> [Data for analysis]
* * *
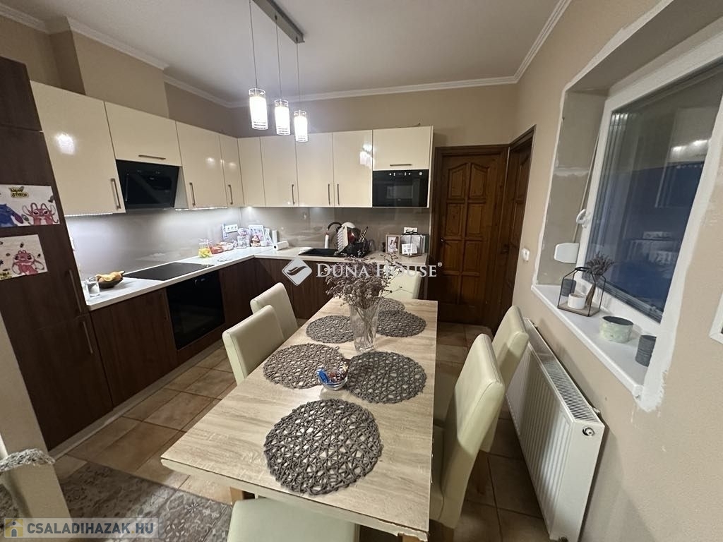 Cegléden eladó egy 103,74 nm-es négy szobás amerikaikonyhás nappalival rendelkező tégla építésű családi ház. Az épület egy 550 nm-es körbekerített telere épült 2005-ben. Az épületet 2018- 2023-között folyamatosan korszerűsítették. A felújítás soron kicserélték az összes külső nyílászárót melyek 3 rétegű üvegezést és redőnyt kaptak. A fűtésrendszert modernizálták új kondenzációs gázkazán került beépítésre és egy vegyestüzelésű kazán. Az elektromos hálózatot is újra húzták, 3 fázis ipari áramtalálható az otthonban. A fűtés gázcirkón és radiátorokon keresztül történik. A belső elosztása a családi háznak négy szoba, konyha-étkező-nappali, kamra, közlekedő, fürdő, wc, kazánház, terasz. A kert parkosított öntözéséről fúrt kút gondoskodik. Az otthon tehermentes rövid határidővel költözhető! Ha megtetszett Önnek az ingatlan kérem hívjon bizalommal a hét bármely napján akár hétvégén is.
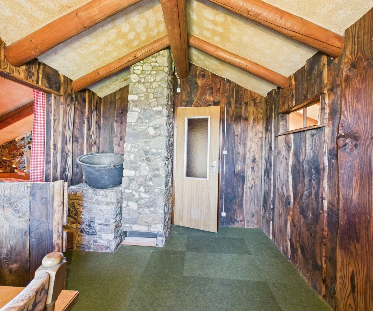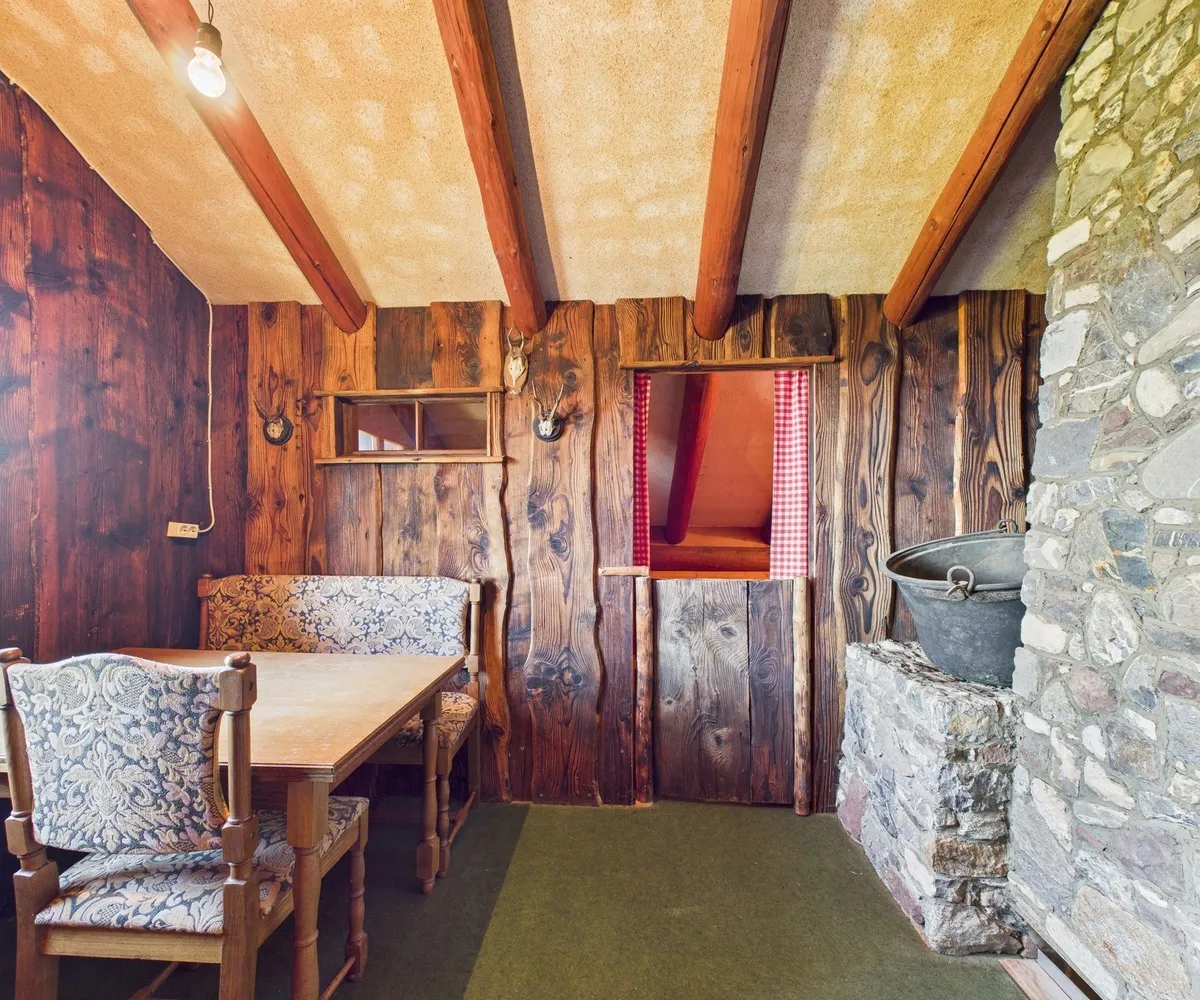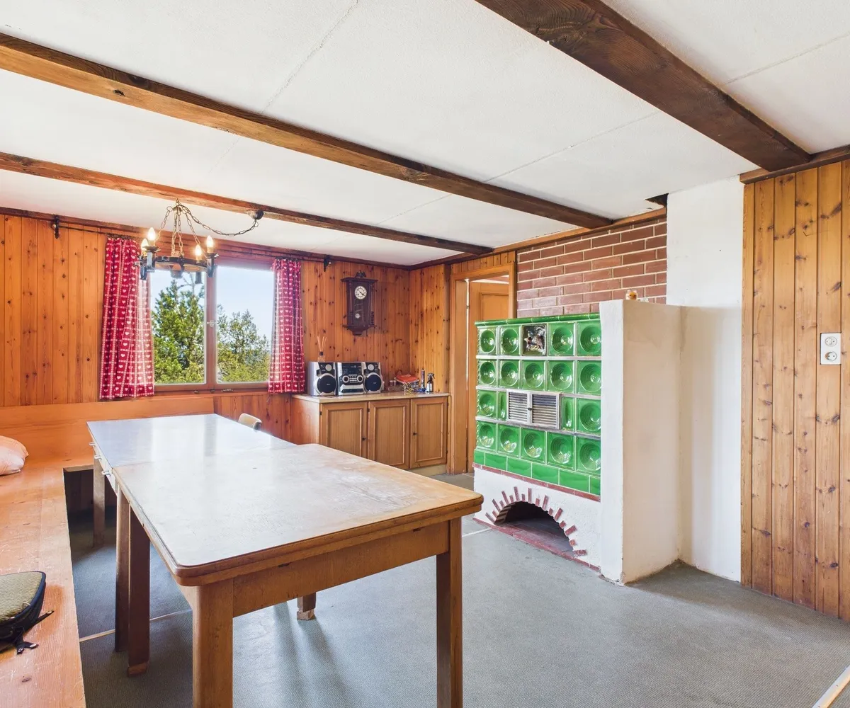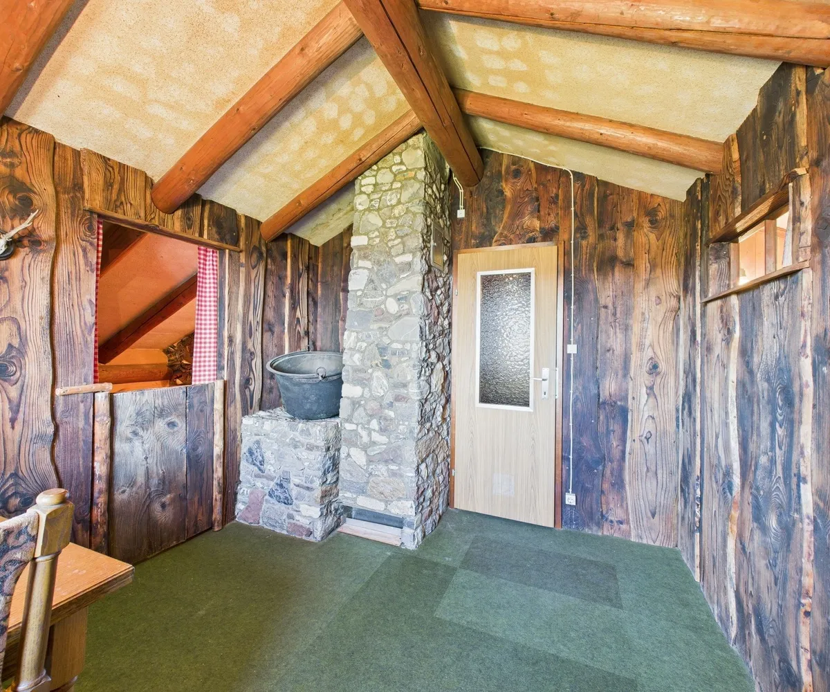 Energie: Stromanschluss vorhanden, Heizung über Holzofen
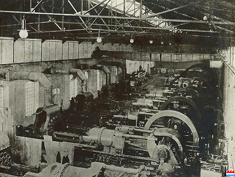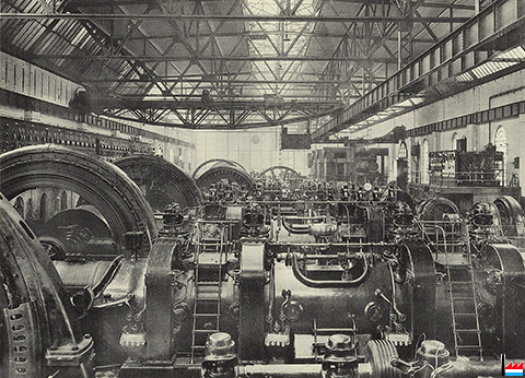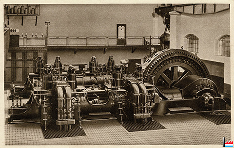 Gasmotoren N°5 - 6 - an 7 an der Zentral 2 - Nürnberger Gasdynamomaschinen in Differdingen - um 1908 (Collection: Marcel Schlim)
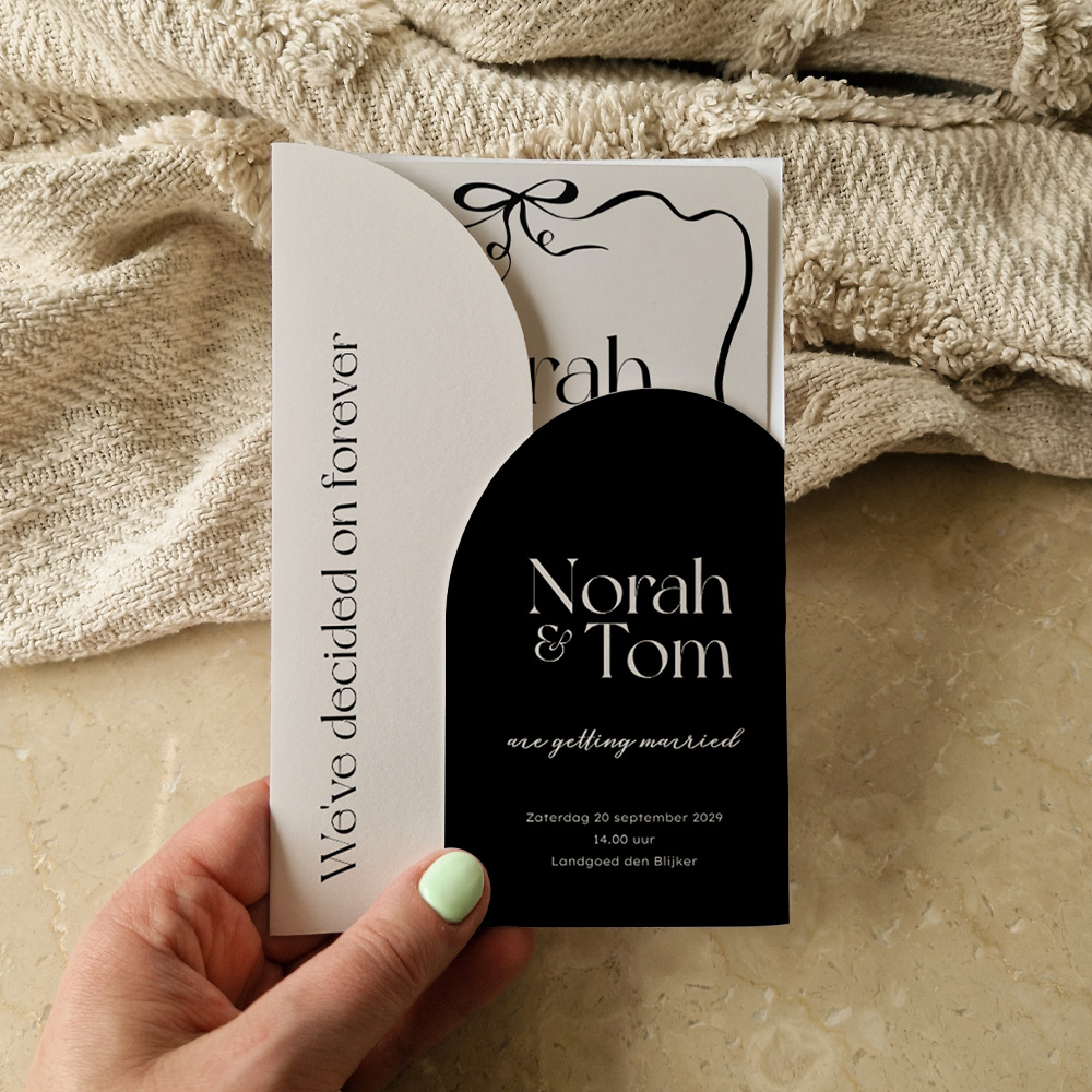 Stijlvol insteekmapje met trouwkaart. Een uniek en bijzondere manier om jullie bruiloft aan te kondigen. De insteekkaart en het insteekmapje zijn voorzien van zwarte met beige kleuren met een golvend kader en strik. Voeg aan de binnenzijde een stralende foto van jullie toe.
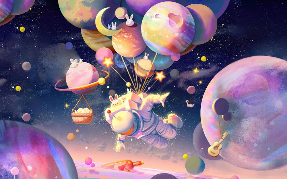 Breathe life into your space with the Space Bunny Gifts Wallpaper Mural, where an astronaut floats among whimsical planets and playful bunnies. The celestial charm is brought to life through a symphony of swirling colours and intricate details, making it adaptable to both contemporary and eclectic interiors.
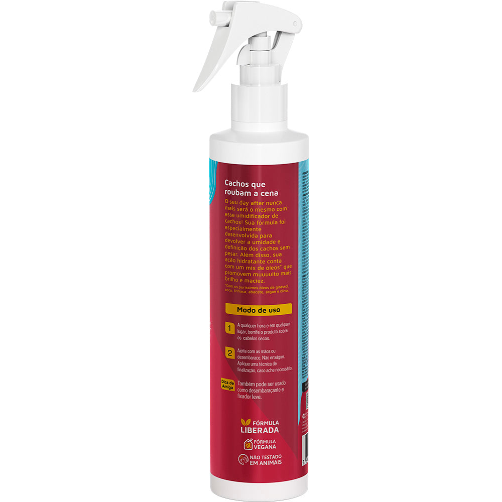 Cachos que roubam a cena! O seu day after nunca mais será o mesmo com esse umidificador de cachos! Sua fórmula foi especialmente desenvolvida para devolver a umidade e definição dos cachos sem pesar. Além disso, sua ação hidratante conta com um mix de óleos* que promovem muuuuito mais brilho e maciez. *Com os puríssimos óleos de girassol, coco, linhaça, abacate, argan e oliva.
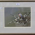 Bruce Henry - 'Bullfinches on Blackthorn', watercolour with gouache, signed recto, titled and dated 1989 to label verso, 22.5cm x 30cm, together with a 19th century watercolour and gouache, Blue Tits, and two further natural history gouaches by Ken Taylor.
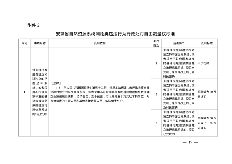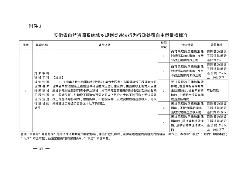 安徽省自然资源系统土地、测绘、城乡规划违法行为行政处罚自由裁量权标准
* * *
> [Task description] Reproduce only the lines from the first line of the listing above up to and including the line that holds "Breathe life into". Omit the pictures.

> [Exercise result]
 Cegléden eladó egy 103,74 nm-es négy szobás amerikaikonyhás nappalival rendelkező tégla építésű családi ház. Az épület egy 550 nm-es körbekerített telere épült 2005-ben. Az épületet 2018- 2023-között folyamatosan korszerűsítették. A felújítás soron kicserélték az összes külső nyílászárót melyek 3 rétegű üvegezést és redőnyt kaptak. A fűtésrendszert modernizálták új kondenzációs gázkazán került beépítésre és egy vegyestüzelésű kazán. Az elektromos hálózatot is újra húzták, 3 fázis ipari áramtalálható az otthonban. A fűtés gázcirkón és radiátorokon keresztül történik. A belső elosztása a családi háznak négy szoba, konyha-étkező-nappali, kamra, közlekedő, fürdő, wc, kazánház, terasz. A kert parkosított öntözéséről fúrt kút gondoskodik. Az otthon tehermentes rövid határidővel költözhető! Ha megtetszett Önnek az ingatlan kérem hívjon bizalommal a hét bármely napján akár hétvégén is.
 Energie: Stromanschluss vorhanden, Heizung über Holzofen
 Gasmotoren N°5 - 6 - an 7 an der Zentral 2 - Nürnberger Gasdynamomaschinen in Differdingen - um 1908 (Collection: Marcel Schlim)
 Stijlvol insteekmapje met trouwkaart. Een uniek en bijzondere manier om jullie bruiloft aan te kondigen. De insteekkaart en het insteekmapje zijn voorzien van zwarte met beige kleuren met een golvend kader en strik. Voeg aan de binnenzijde een stralende foto van jullie toe.
 Breathe life into your space with the Space Bunny Gifts Wallpaper Mural, where an astronaut floats among whimsical planets and playful bunnies. The celestial charm is brought to life through a symphony of swirling colours and intricate details, making it adaptable to both contemporary and eclectic interiors.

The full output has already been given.